De Jonge ovviamente chiama in causa i massimi sistemi per legittimare la sua proposta: “Crescere in modo sicuro in famiglia è un diritto fondamentale per un bambino”. E nascere non è ancor più importante?

“Si tratta di bambini che sono nati in famiglie dove a tutti noi viene il voltastomaco al solo pensiero che hanno avuto un figlio – ha aggiunto De Jonge senza peli sulla lingua -. La nostra preoccupazione principale è sempre stata per gli interessi dei genitori, ma ora dobbiamo prestare maggiore attenzione agli interessi del bambino”. Poi ha aggiunto: «Non essere nato è una forma di protezione del bambino». Anche le bocche chiuse sono a volte una forma di protezione contro le idiozie da voltastomaco.

Nulla di nuovo.

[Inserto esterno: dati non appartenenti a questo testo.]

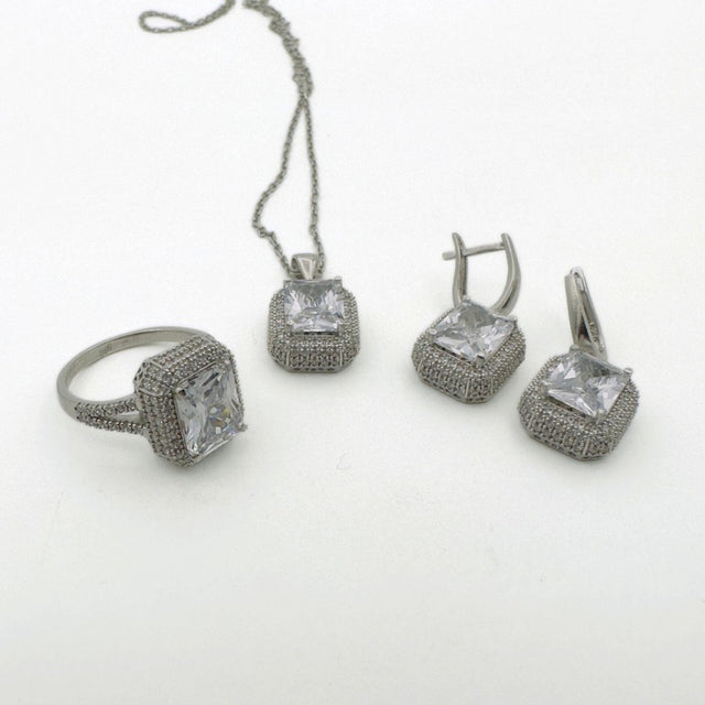 - ارفع مستوى أناقتك مع مجموعة النساء الفضية بحجر الزركون الأبيض الجذابة

Il regime nazista nel luglio del 1933 promulgò una legge per sterilizzare persone affette da schizofrenia, epilessia, cecità, sordità, corea di Huntington e ritardo mentale, nonché gli alcolisti cronici. E la contraccezione coatta è l’anticamera della sterilizzazione. Tutto questo ovviamente per purificare la specie umana, insomma per il bene dell’umanità (tedesca). Furono istituiti, e forse l’idea può solleticare la fantasia di De Jonge, anche dei Tribunali per la sanità ereditaria, composti da due medici e un giudice.

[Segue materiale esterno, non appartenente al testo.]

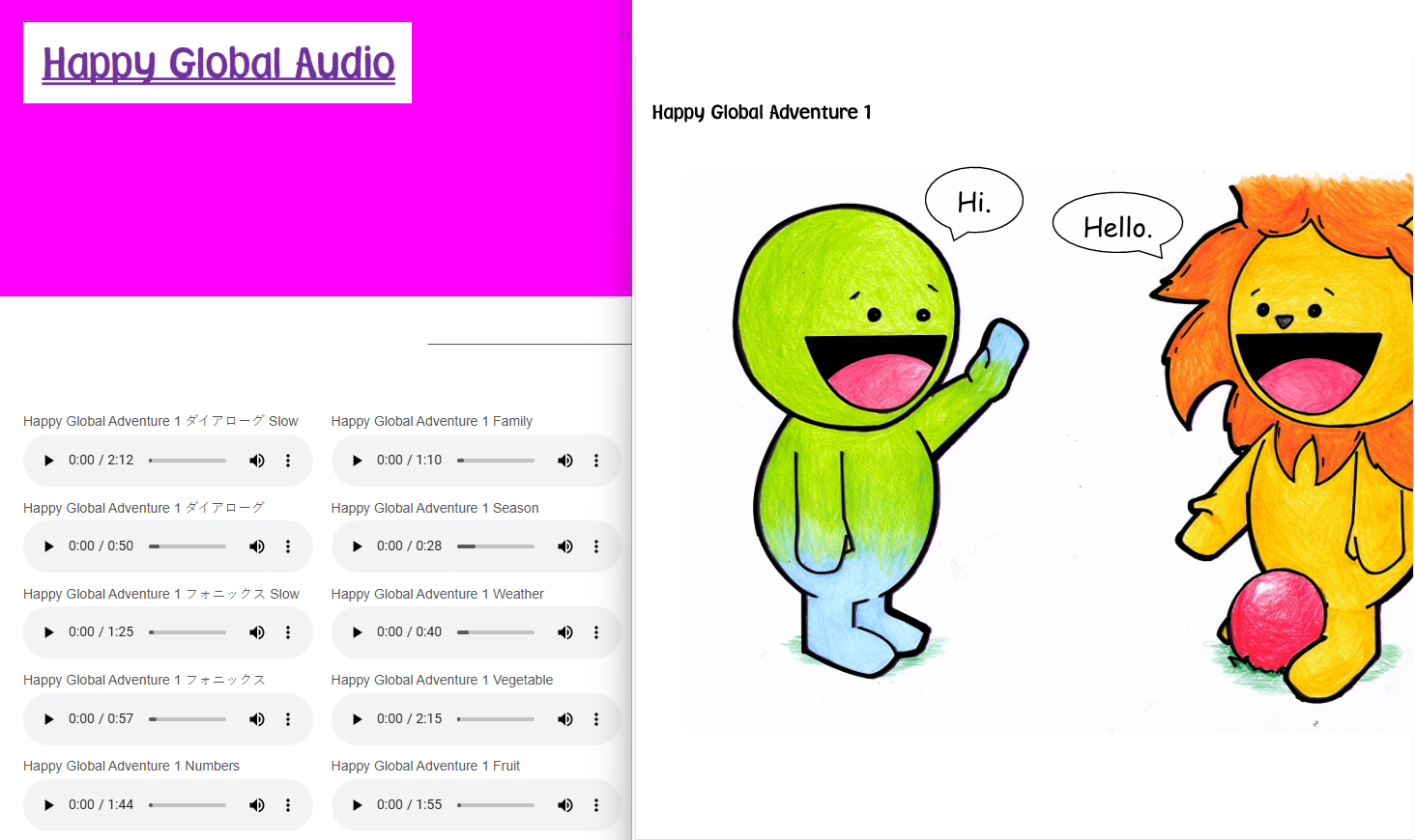 Adventureは、弊社のオリジナルの絵本教材です。オンライン上でオーディオ教材を聞いていただけます。

E così nelle parole di De Jonge, che preferisce un bambino sicuramente felice perché non nato ad uno possibilmente infelice perché nato, riecheggia uno slogan tipico dell’abortismo: non far nascere un bambino che certamente sarà infelice è un atto di compassione. È il nichilismo lieto generatore di una sorta di eugenetica preventiva. Ma a parte il fatto che la vita è sempre in se stessa, al di là delle condizioni seppur sfavorevoli in cui fiorisce e si sviluppa, un bene oggettivo, c’è da porre all’assessore almeno un paio di domande. In questo mondo che non vuole sentire parlare di verità certe, come mai siamo così sicuri che i figli di queste donne saranno senza dubbio infelici? In questo mondo che esalta la libertà personale, perché non facciamo decidere ai figli se ritenersi felici o infelici in famiglia? E poi perché condannare alla sterilità Tizia che è depressa e non Caia, donna in carriera che non stando mai a casa fa soffrire i figli? Oppure anche quest’ultima è a rischio e anche a lei faranno ingoiare pillole anticoncezionali?

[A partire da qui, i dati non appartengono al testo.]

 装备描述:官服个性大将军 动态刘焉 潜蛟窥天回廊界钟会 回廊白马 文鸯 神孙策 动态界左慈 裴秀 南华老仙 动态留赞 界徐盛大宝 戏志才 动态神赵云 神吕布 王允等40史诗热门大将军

Le risposte a queste domande forse si coagulano nel principio dello statalismo. È lo Stato che educa i tuoi figli otto e più ore al giorno, è lo Stato che appoggia l’idea che a volte è cosa buona uccidere i propri figli prima che nascano e a volte, vedi Cina, impone di abortirli, è lo Stato infine che decide chi può diventare genitore e chi no. In sintesi è lo Stato che decide sulla vita e sulla morte dei propri cittadini.